- WHAT IS BEING ASKED
Without any pictures, retype exactly the lines that begin at the one holding "Am Einsatzort eingetroffen" and end at the last line of the data below.

- DATA SECTION
━━━
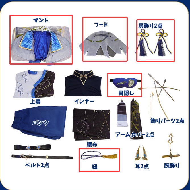 バーチャルYouTuber Vtuber 小柳 変身後 マント、フード、房飾り2点、目隠し、紐のみ バラ売り [y6991-1]
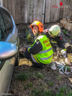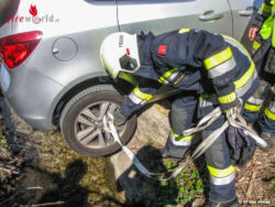 Am Einsatzort eingetroffen machte sich der Feuerwehreinsatzleiter ein Bild von der Lage, ein PKW war bei dem Versuch zu wenden, zu weit in den Straßengraben gefahren und saß mit der Hinterachse auf einem Betonblock auf. Umgehend wurde das Fahrzeug gegen ein weiteres Abrutschen gesichert und ein Brandschutz aufgebaut.
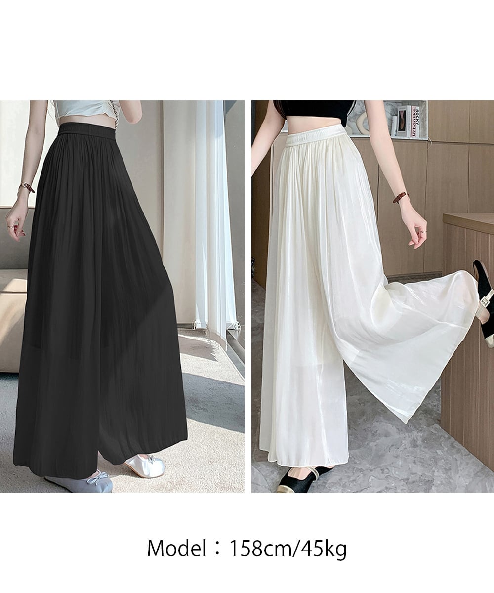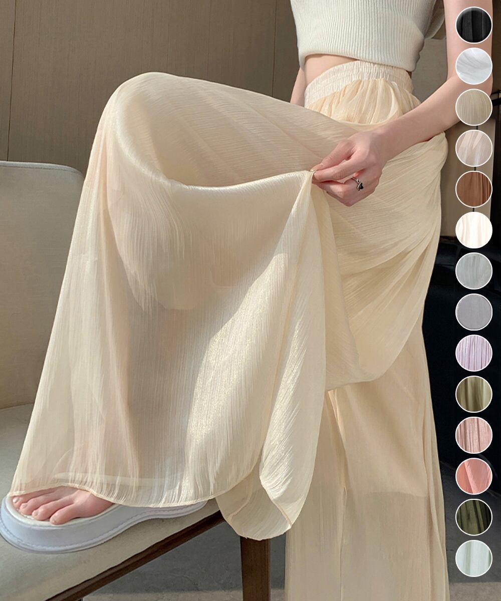 春夏に映える、なめらかな光沢感が魅力のシアーワイドパンツ。
━━━
- WRITTEN RESPONSE
 Am Einsatzort eingetroffen machte sich der Feuerwehreinsatzleiter ein Bild von der Lage, ein PKW war bei dem Versuch zu wenden, zu weit in den Straßengraben gefahren und saß mit der Hinterachse auf einem Betonblock auf. Umgehend wurde das Fahrzeug gegen ein weiteres Abrutschen gesichert und ein Brandschutz aufgebaut.
 春夏に映える、なめらかな光沢感が魅力のシアーワイドパンツ。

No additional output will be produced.